Offline Batched Inference Example from your Quickstart page, running on Neuron inf2 (AWS inf2.8xlarge) returns: "TypeError: Can't instantiate abstract class NeuronWorker with abstract method execute_worker". The only change from your example is the example code is adding device="neuron" argument to LLM.

This code should reproduce the error:

from vllm import LLM, SamplingParams

prompts = [ "Hello, my name is", "The president of the United States is", "The capital of France is", "The future of AI is", ] sampling_params = SamplingParams(temperature=0.8, top_p=0.95)

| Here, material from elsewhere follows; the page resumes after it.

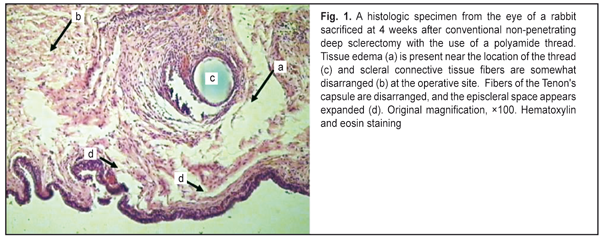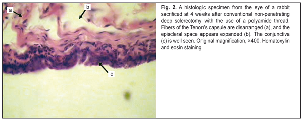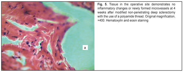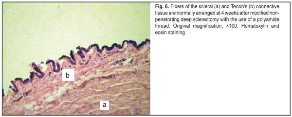 Therefore, in the slides of the animals of Group 4, the inflammatory changes were less pronounced than those observed for the animals of Group 3, and were attributable to the use of the dissection of the conjunctiva, episcleral diathermocoagulation, and formation of the inrascleral tunnel without cutting a superficial scleral flap. We would like to highlight several points related to the glaucoma surgery technique which promote postoperative scarring, thus decreasing the hypotensive effect. In conventional non-penetrating deep sclerectomy, the bleb is formed at the operative site, i.e., it is located in the same area as the operative site. That means that bleb formation will be directly associated with the amount of intraoperative trauma. The amount of intraoperative trauma, in its turn, depends on the surface area of dissection of the conjunctiva from the episclera, amount and power of episcleral diathermocoagulation, and the size of the scleral flap. These manipulations are performed in the area of subsequent bleb formation, and thus influence scarring in the area [3, 7-10]. Intraoperative use of diathermocoagulation leads to marked local inflammatory response with massive cellular tissue infiltration, thus resulting in a longer reparative period for the operative area, and, consequently, in increased scarring of newly formed aqueous outflow pathways [11]. In addition, the surface area of separation of the conjunctiva from the episclera influences the subsequent size and shape of the bleb, as the velocity and amount of fluid resorbed through the conjunctival and episcleral vessels are higher in diffused blebs [12]. Studies on scarring at the operative site have demonstrated that, in conventional NPDS, the superficial scleral flap is involved in postoperative inflammation with subsequent cicatrization, thus resulting in deformation of the flap with obstruction of the intrascleral cavity [13]. We have developed the basic technological principles of modified non-penetrating deep sclerectomy (isolation of the filtering site from the operative site; no need for creating a superficial scleral flap or using diathermocoagulation at the filtering site; forming an intrascleral pocket; and the potential using of various drainage devices) in order to prevent excessive scarring at the filtering site. Conclusions First, the technique of modified non-penetrating deep sclerectomy reduces postoperative bleb scarring and results in a shorter reparative process at the filtering site compared to that in conventional non-penetrating deep sclerectomy. Second, extensive dissection of the conjunctiva from the episclera as well as episcleral diathermocoagulation results in a longer reparative process at the operative site. Finally, incorporation of either type of drainage device (polyamide thread or Xenoplast) into the intrascleral space results in a stable dilatation of the space and prevents the adhesion between the roof and the bed of the scleral tunnel. References

llm = LLM(model="facebook/opt-125m",device="neuron") outputs = llm.generate(prompts, sampling_params)

Print the outputs.

for output in outputs: prompt = output.prompt generated_text = output.outputs[0].text print(f"Prompt: {prompt!r}, Generated text: {generated_text!r}")

jianyinglangaws commented 2 months ago

I still get this error with the latest https://github.com/vllm-project/vllm/pull/6313 merge.

Traceback (most recent call last):
  File "/home/ubuntu/vllm/simple_test.py", line 11, in <module>
    llm = LLM(model="facebook/opt-125m",device="neuron")
  File "/home/ubuntu/vllm/vllm/entrypoints/llm.py", line 150, in __init__
    self.llm_engine = LLMEngine.from_engine_args(
  File "/home/ubuntu/vllm/vllm/engine/llm_engine.py", line 421, in from_engine_args
    engine = cls(
  File "/home/ubuntu/vllm/vllm/engine/llm_engine.py", line 249, in __init__
    self.model_executor = executor_class(
  File "/home/ubuntu/vllm/vllm/executor/executor_base.py", line 46, in __init__
    self._init_executor()
  File "/home/ubuntu/vllm/vllm/executor/neuron_executor.py", line 21, in _init_executor
    self._init_worker()
  File "/home/ubuntu/vllm/vllm/executor/neuron_executor.py", line 26, in _init_worker
    self.driver_worker = NeuronWorker(
TypeError: Can't instantiate abstract class NeuronWorker with abstract method execute_worker
WoosukKwon commented 2 months ago

@liangfu Could you please take a look at @jianyinglangaws's comment?

areanddee commented 2 months ago

Saw that the patch to #6313 was merged to main, so I did a git pull origin main to update to the latest. I can confirm that the behavior seen in #6269 is still present, namely:

TypeError: Can't instantiate abstract class NeuronWorker with abstract method execute_worker

I posted this info on #6313 as well because it was speculated that #6313 would fix #6269. I am beginning to wonder about the status of support for the Neuron architecture in vLLM. Is it vLLM's intention to drop support for Neuron? I only ask this because the vLLM Documentation suggests that at least in V 0.3 vLLM did support neuron. Now, of course, those quickstart examples do not work. Any information regarding the direction vLLM is headed relative to Neuron would be appreciated.

areanddee commented 2 months ago

One extra question: can you recommend a previous known-working version of vLLM that we can pull that would work on Neuron and can you provide a tag for that?

areanddee commented 2 months ago

I tried to clone and install vLLM v0.3.0 but the requirements for that include pkg_resources which has been deprecated.

jianyinglangaws commented 2 months ago

The vllm 0.5.0 works for me with the latest Neuron SDK 2.19.0 and transformers-neuronx.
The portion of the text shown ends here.